**ENTRIES PROVIDED:**
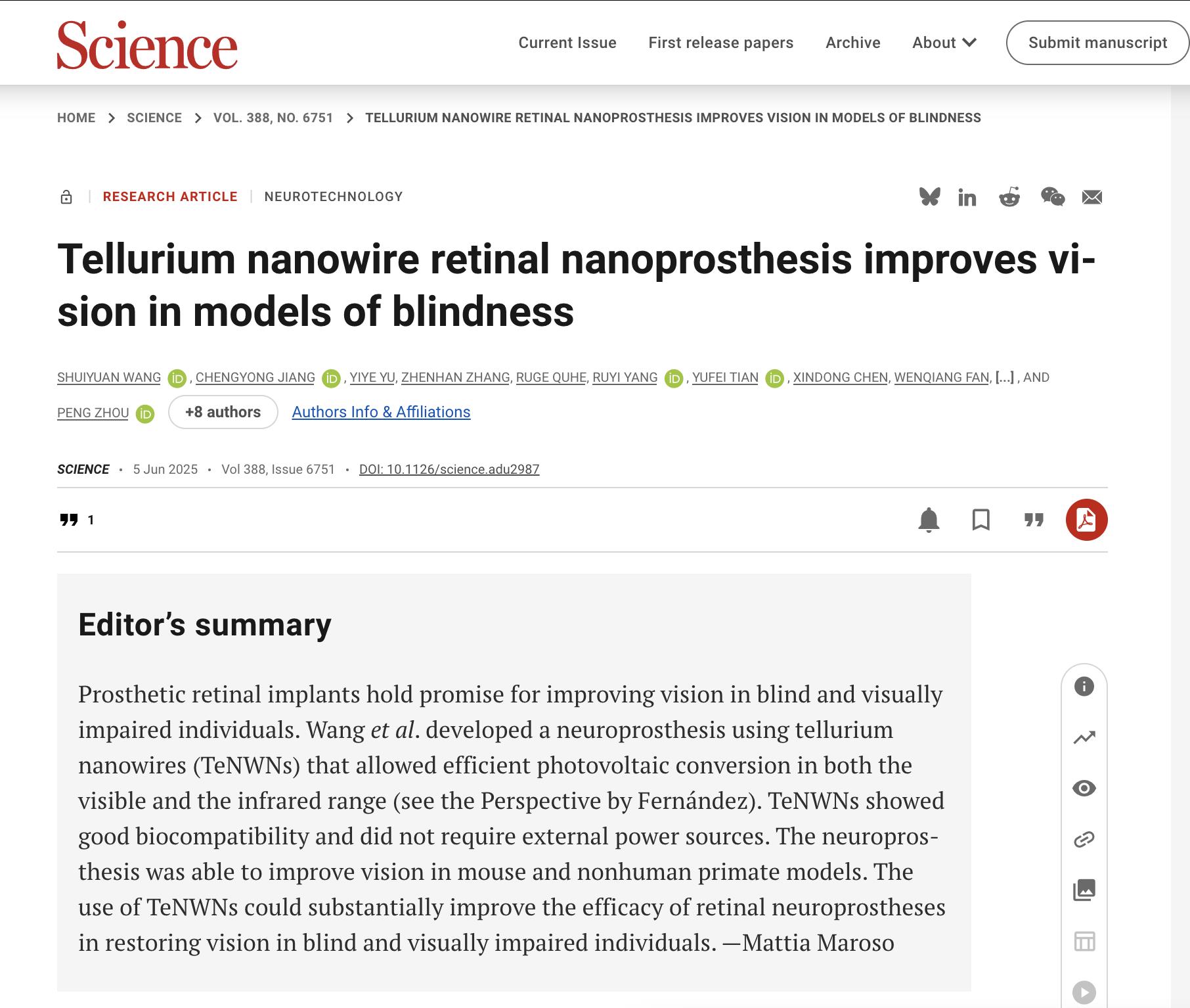 近日,北京邮电大学科研团队与复旦大学、中科院等多家单位联合在《Science》杂志发表了题为 “Tellurium nanowire retinal nanoprosthesis improves vision in models of blindness” 的研究成果(Science,DOI:10.1126/science.adu2987)。该研究开发出一种基于碲纳米线网络的视网膜纳米假体,为解决视网膜退行性疾病患者的光感知能力丧失问题提供了新方案。
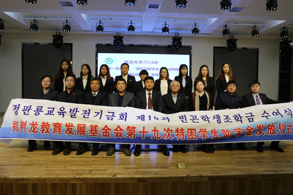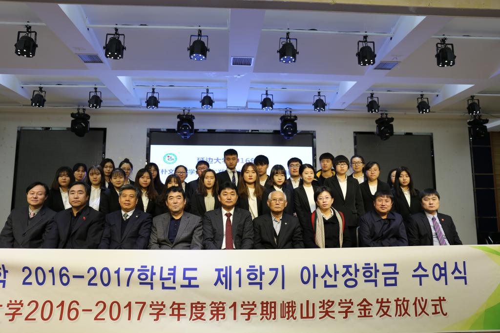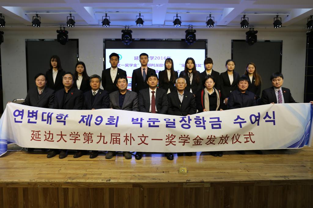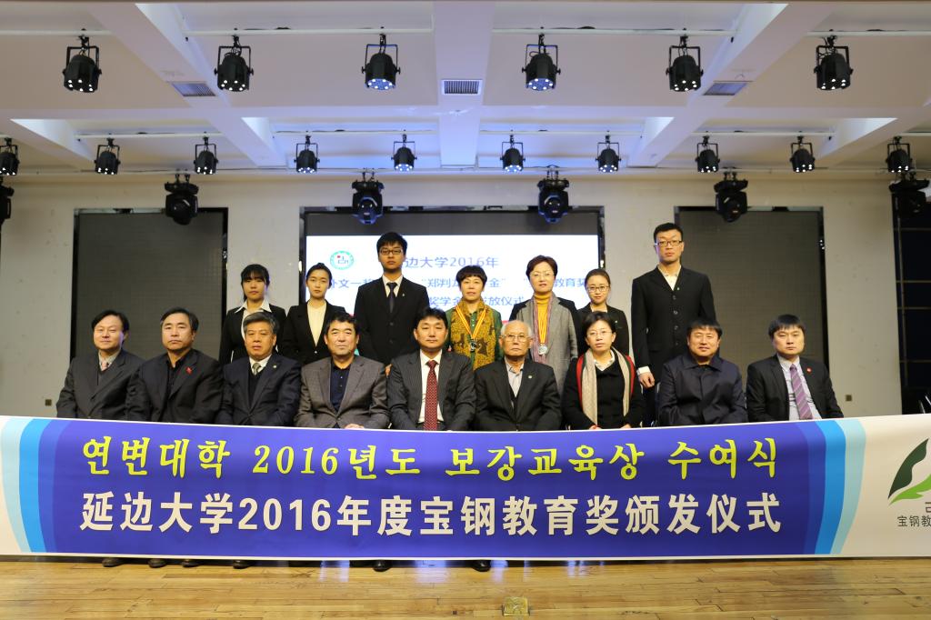 仪式上,郑光日宣读2016年“朴文一奖学金”、“郑判龙助学金”、“宝钢教育奖”、“峨山奖学金”获奖者名单。朴文一向“朴文一奖学金”获奖学生颁发证书及奖金;赵亮、李逢雨向“郑判龙助学金”获助学生颁发证书及助学金;梁仁哲向“宝钢教育奖”获奖教师及学生颁发证书、证章、光荣册及奖金;李昌善向“峨山奖学金”获奖学生颁发证书及奖金。
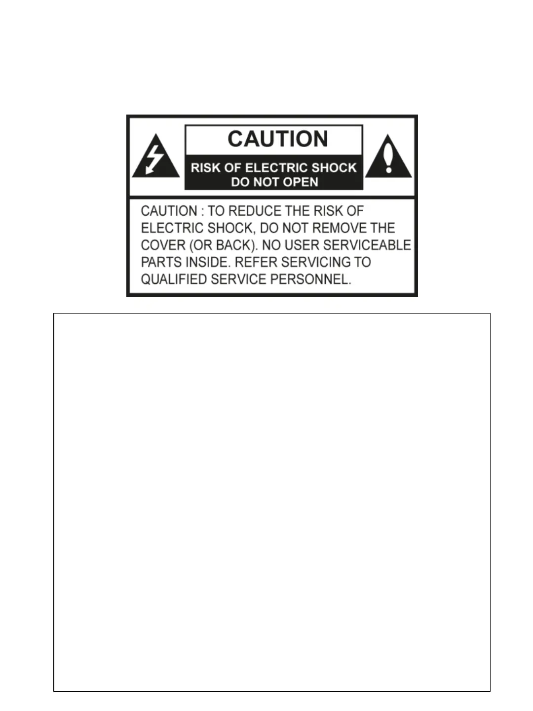2) To reduce the risk of electric shock, do not remove the cover or back of
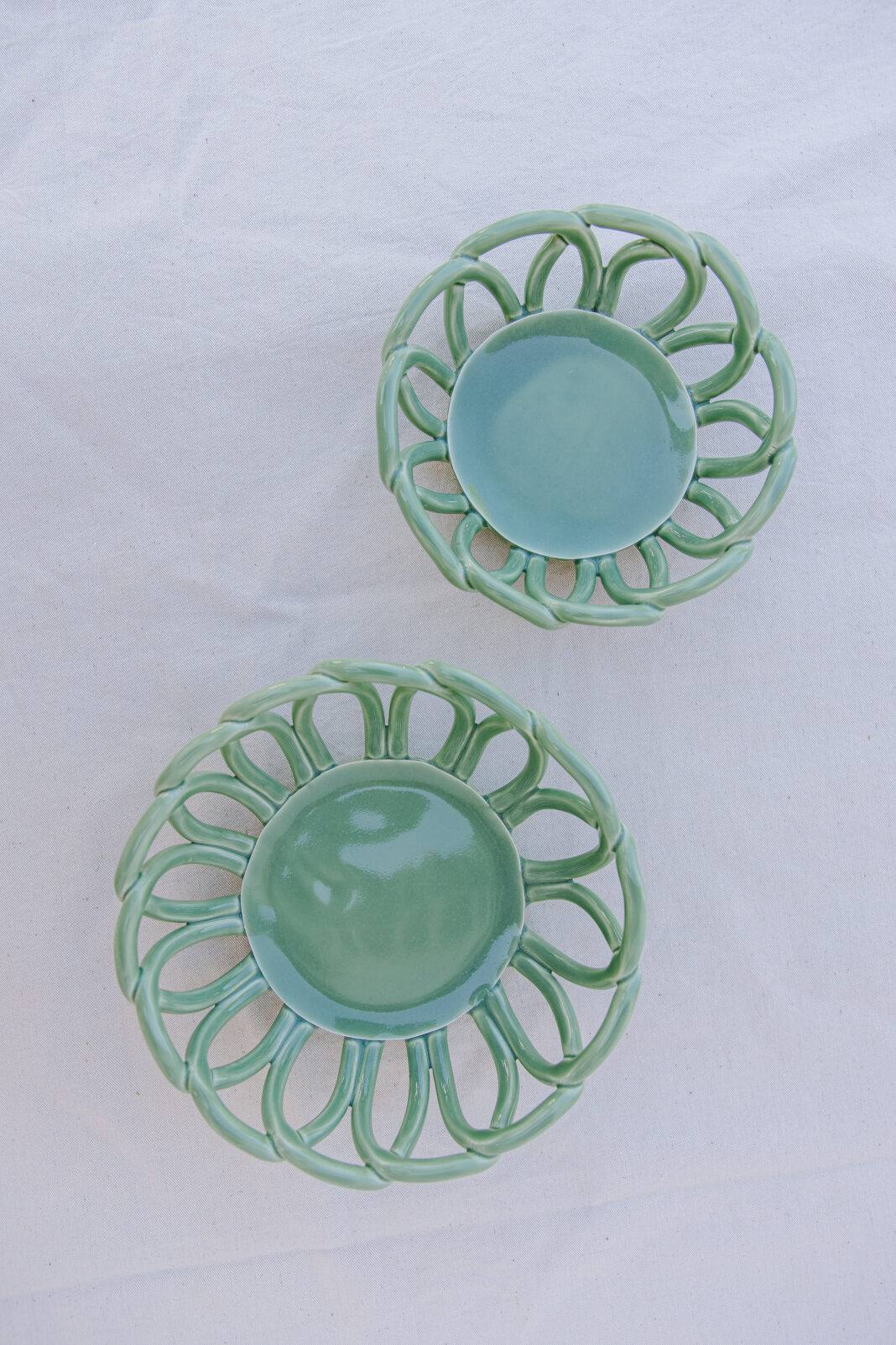 Pequenos cestos em cerâmica verde claro
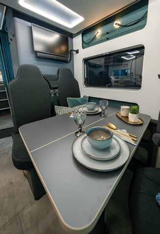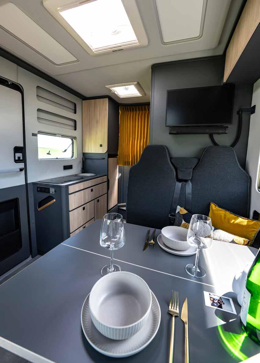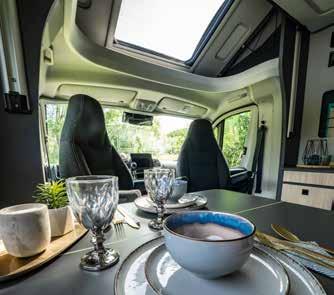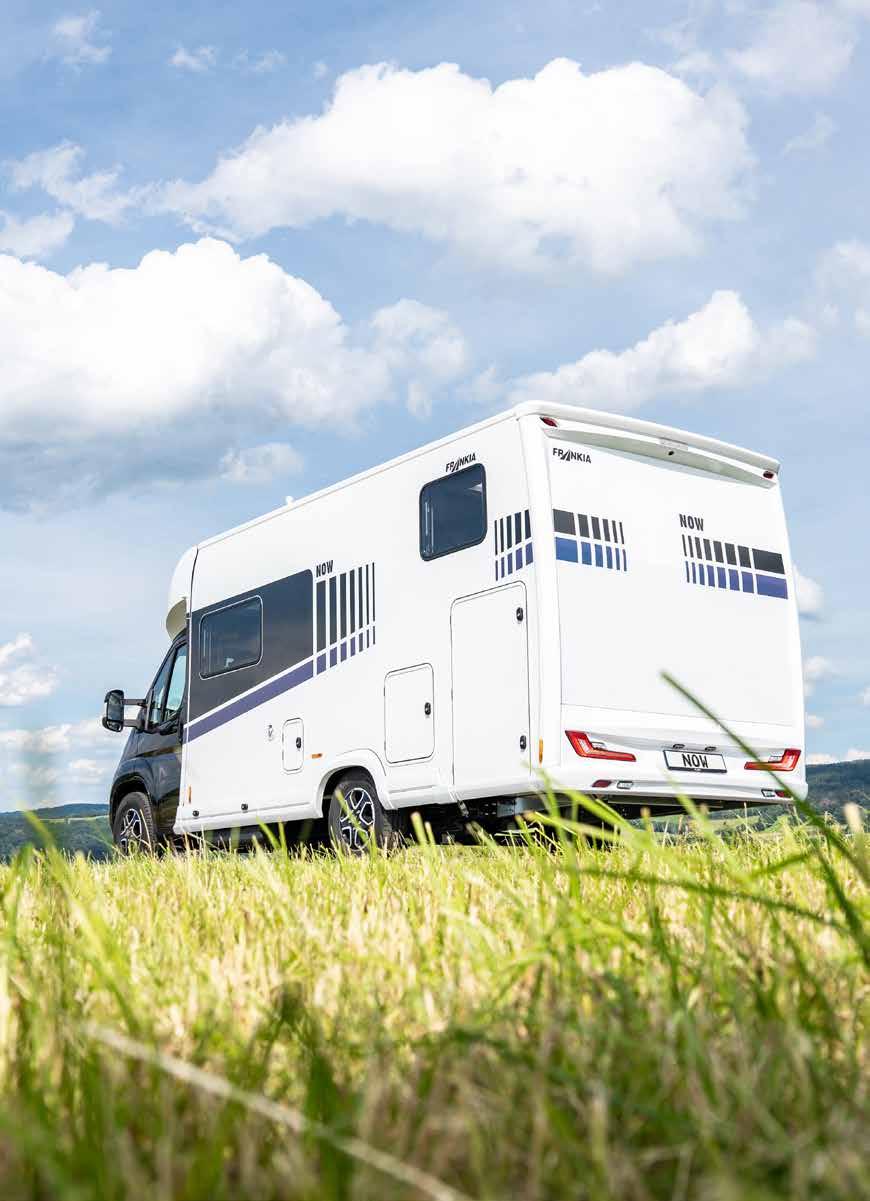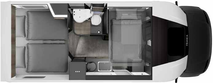 FRANKIA NOW is ideal for families, with comfortable twin beds, an additional power drop-down bed and four seats with seatbelts. Perfect for couples: the alternative front section for even more space.
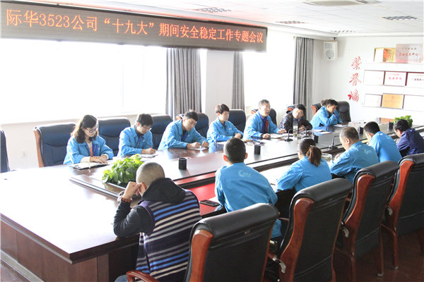 为迎接党的十九大胜利召开,贯彻落实集团公司党委关于营造安全稳定和谐环境的要求,10月11日,际华3523公司党委再次召开了“十九大”期间安全稳定工作专题会议,布置公司安全稳定相关工作,党委书记佟胜利、各党支部书记、支会主席、团支部书记、信访维稳工作人员30余人参会,会议由党委副书记王然主持。
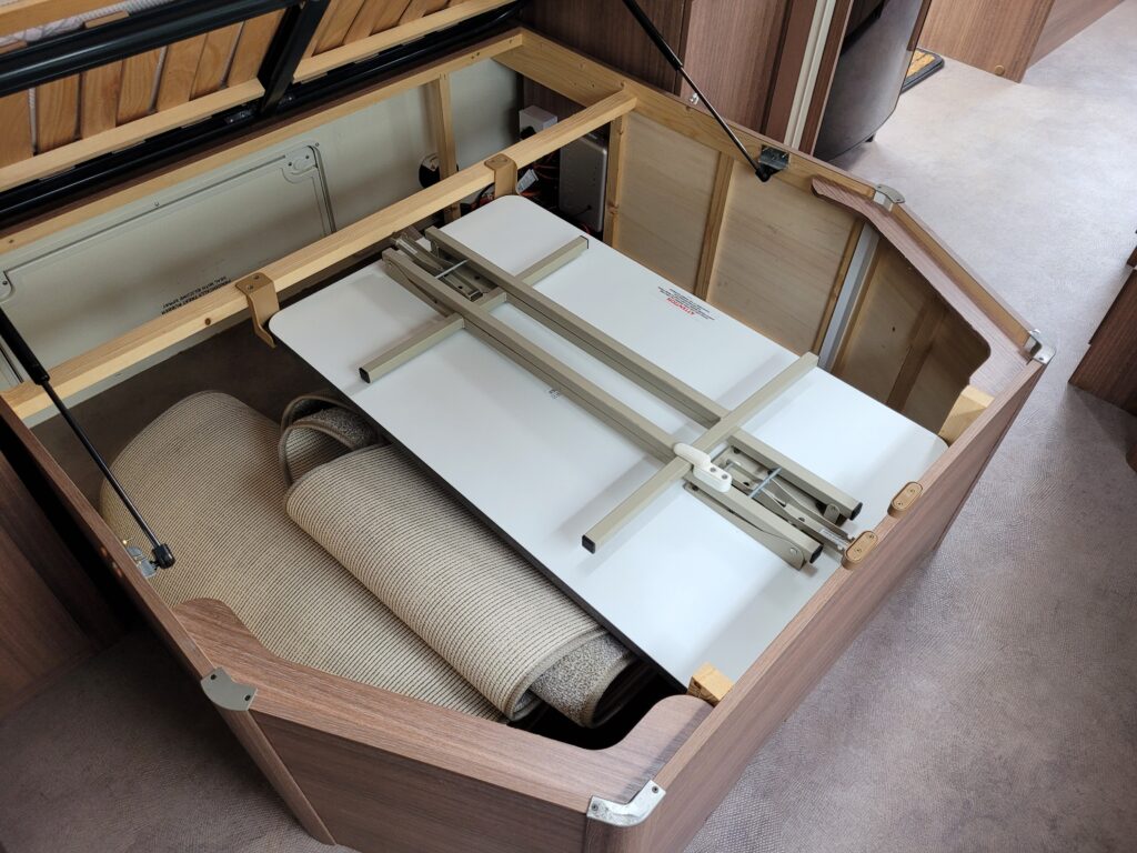 Bench seating area at the front converting to large double bed
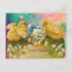 CHICKENS, SNOWDROPS AND EASTER EGG WITH BLUE BOW HOLIDAY POSTCARD
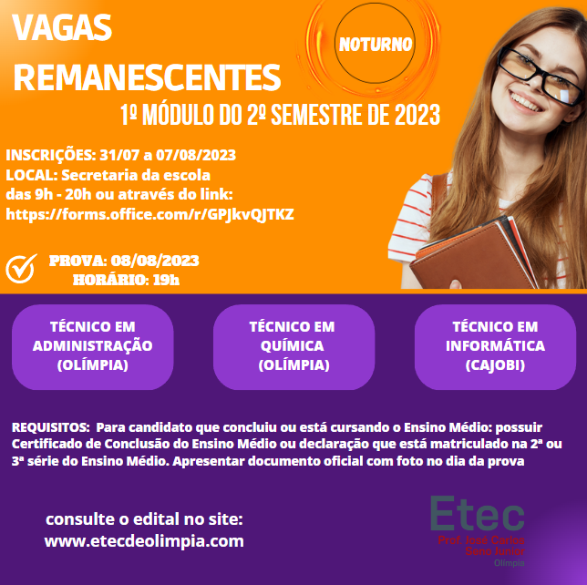 TÉCNICO EM ADMINISTRAÇÃO – OLÍMPIATÉCNICO EM QUÍMICA – OLÍMPIATÉCNICO EM INFORMÁTICA – CAJOBI INSCRIÇÕES: 31/07/2023 a 07/08/2023 As inscrições deverão ser efetuadas pelo candidato, no horário das 09h00 às 20h00 na secretaria da Etec Prof. José Carlos Seno Junior ou através do link:https://forms.office.com/Pages/ResponsePage.aspx?id=bEY47UG2fUOa6dgBuCn6lIIBY0Wy9MhGjS3-efuSvClUN1NCTUQ0WDNFS0FaS0tDM1JCMTU4MEU5Ni4u PROVA: 08/08/2023HORÁRIO: 19H00REQUISITOS: Para candidato que concluiu ou está cursando o Ensino […]
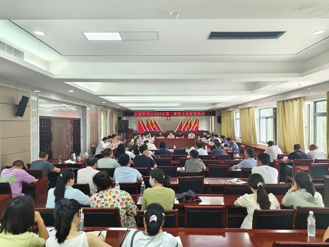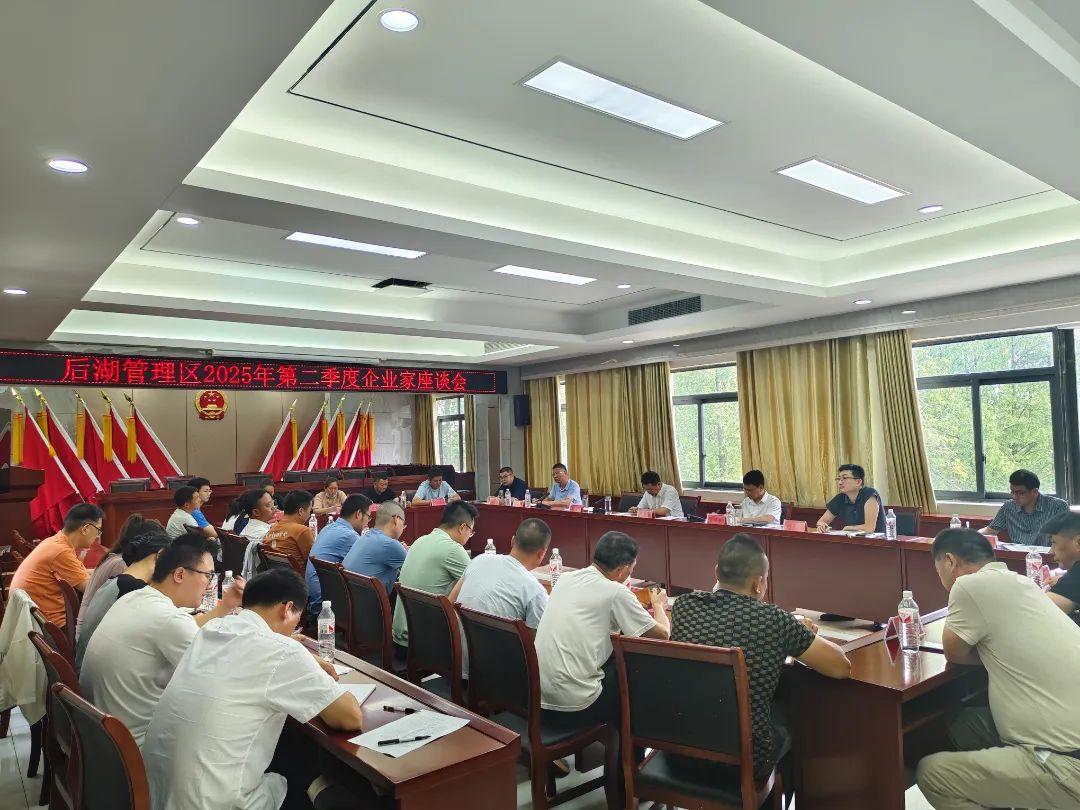 为进一步优化营商环境,畅通政企沟通渠道,凝聚发展共识,7月15日,后湖管理区召开第二季度企业家座谈会。后湖管理区相关领导、辖区内19家企业代表、各企业“红领书记”及对口企业青年成长培养对象参加会议。

**WHAT TO WORK ON:** Your answer must be the lines above from the one holding "FRANKIA NOW is" up to and including the one holding "CHICKENS, SNOWDROPS AND", exact and with no pictures.

**ANSWER SECTION:**
 FRANKIA NOW is ideal for families, with comfortable twin beds, an additional power drop-down bed and four seats with seatbelts. Perfect for couples: the alternative front section for even more space.
 为迎接党的十九大胜利召开,贯彻落实集团公司党委关于营造安全稳定和谐环境的要求,10月11日,际华3523公司党委再次召开了“十九大”期间安全稳定工作专题会议,布置公司安全稳定相关工作,党委书记佟胜利、各党支部书记、支会主席、团支部书记、信访维稳工作人员30余人参会,会议由党委副书记王然主持。
 Bench seating area at the front converting to large double bed
 CHICKENS, SNOWDROPS AND EASTER EGG WITH BLUE BOW HOLIDAY POSTCARD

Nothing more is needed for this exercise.